Entries taken from a collection:
=== Begin Enclosure ===
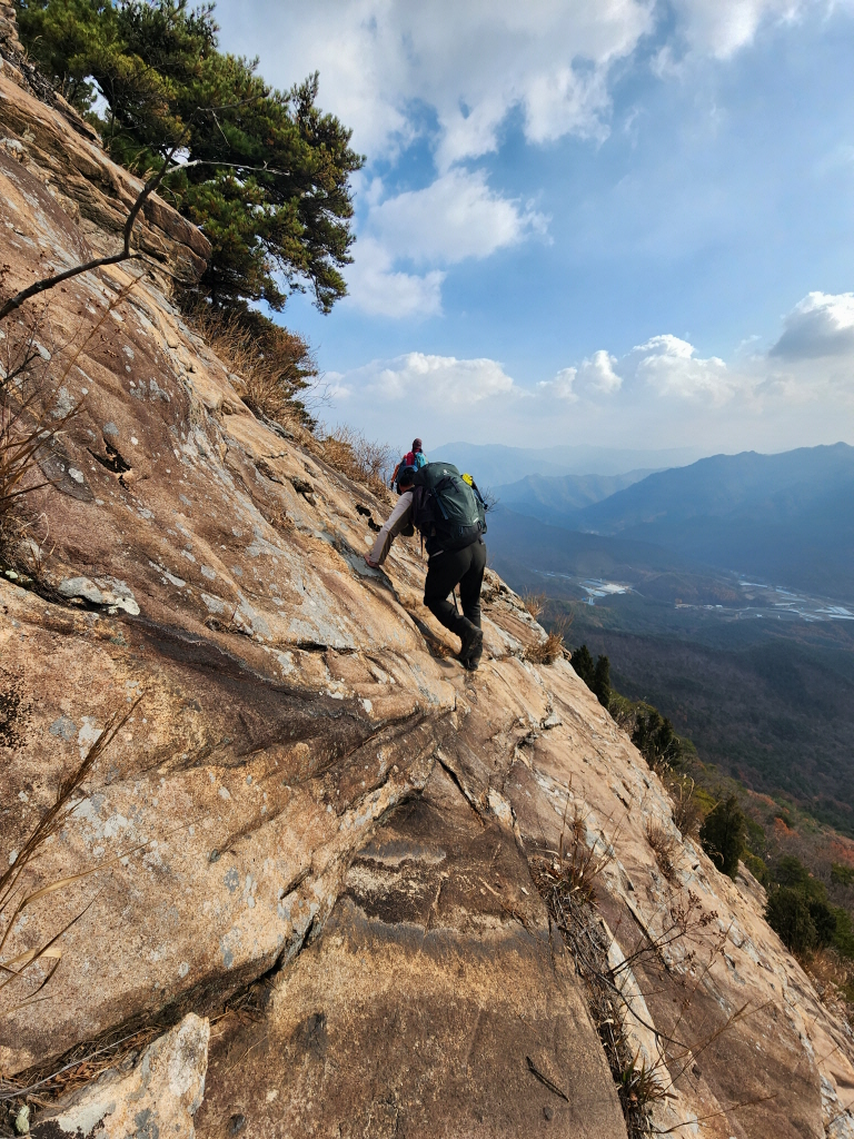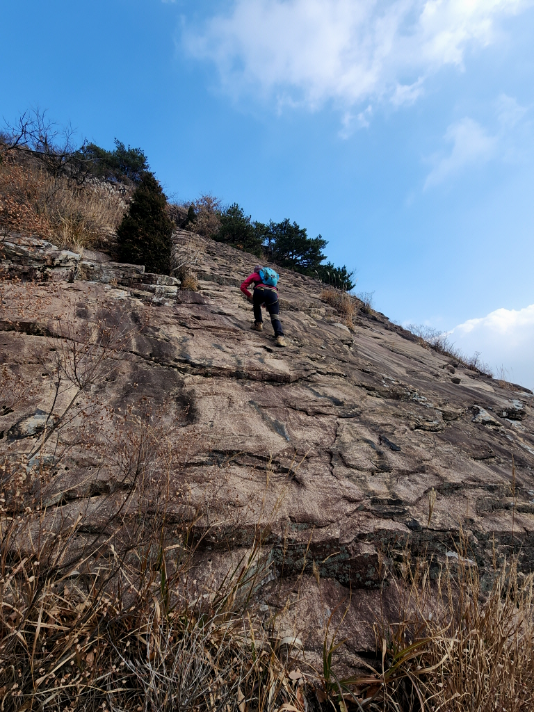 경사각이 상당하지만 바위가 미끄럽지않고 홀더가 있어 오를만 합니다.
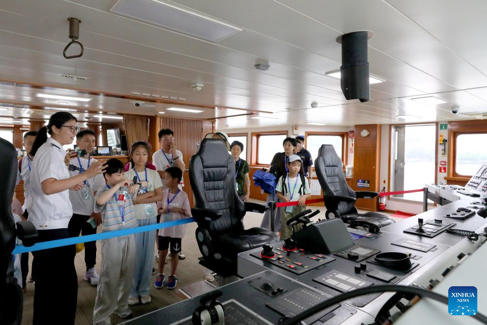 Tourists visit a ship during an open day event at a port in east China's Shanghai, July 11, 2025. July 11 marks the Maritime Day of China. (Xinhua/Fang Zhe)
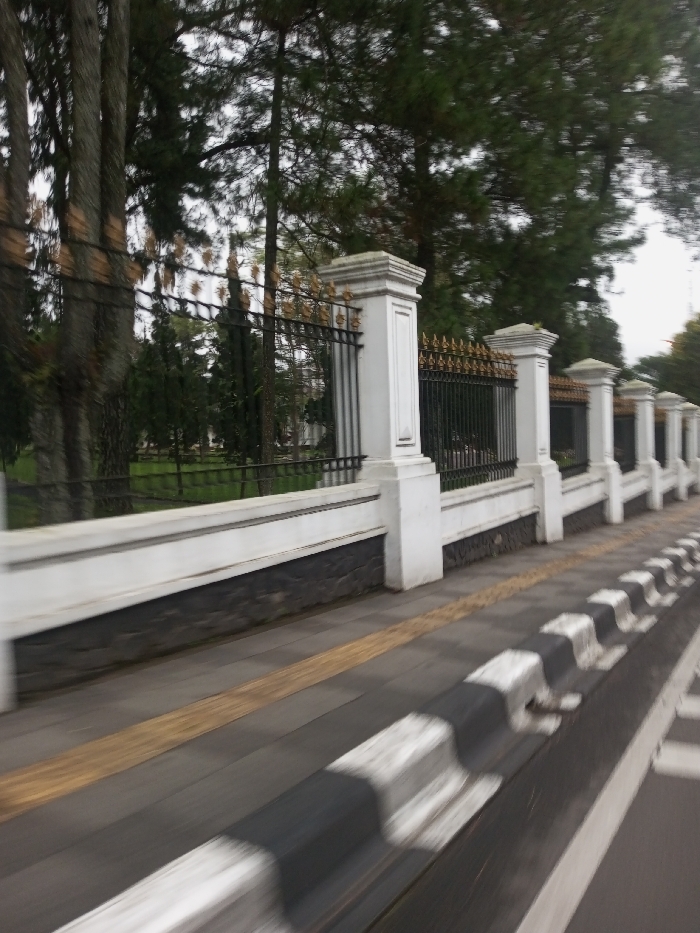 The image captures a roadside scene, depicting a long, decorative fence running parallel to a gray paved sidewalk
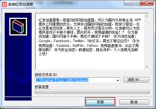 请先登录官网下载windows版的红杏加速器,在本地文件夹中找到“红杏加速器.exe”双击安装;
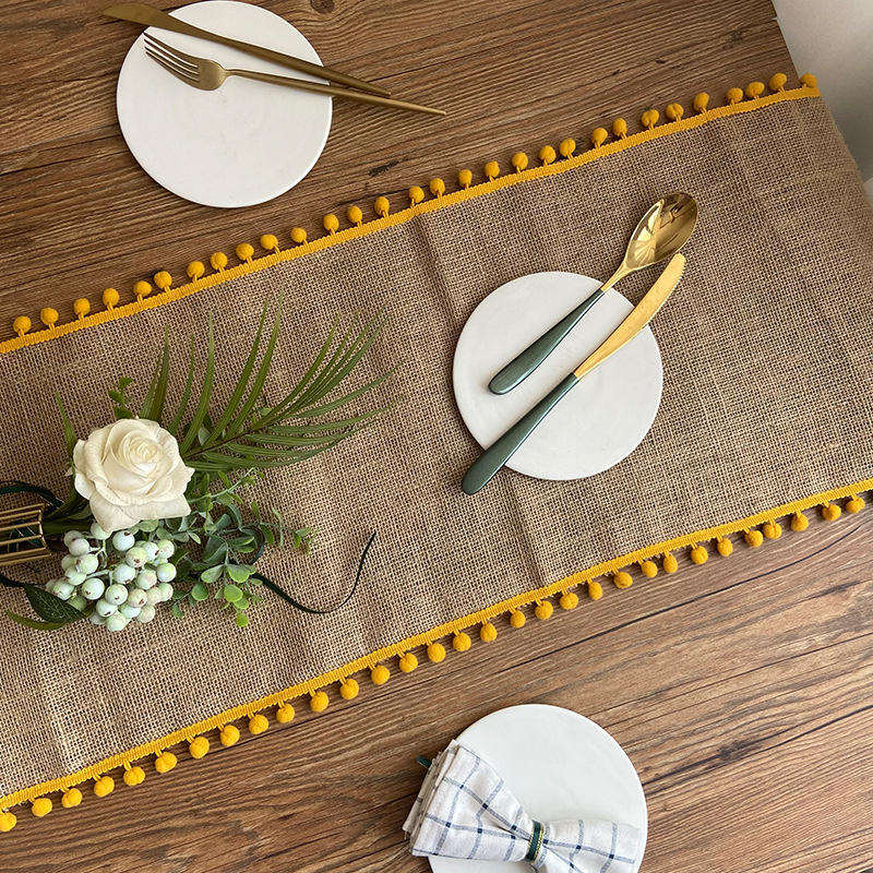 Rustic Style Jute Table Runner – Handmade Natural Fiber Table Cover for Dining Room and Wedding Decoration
=== End Enclosure ===
Problem: Please transcribe each entry exactly, but skip any picture it holds.

Response:
 경사각이 상당하지만 바위가 미끄럽지않고 홀더가 있어 오를만 합니다.
 Tourists visit a ship during an open day event at a port in east China's Shanghai, July 11, 2025. July 11 marks the Maritime Day of China. (Xinhua/Fang Zhe)
 The image captures a roadside scene, depicting a long, decorative fence running parallel to a gray paved sidewalk
 请先登录官网下载windows版的红杏加速器,在本地文件夹中找到“红杏加速器.exe”双击安装;
 Rustic Style Jute Table Runner – Handmade Natural Fiber Table Cover for Dining Room and Wedding Decoration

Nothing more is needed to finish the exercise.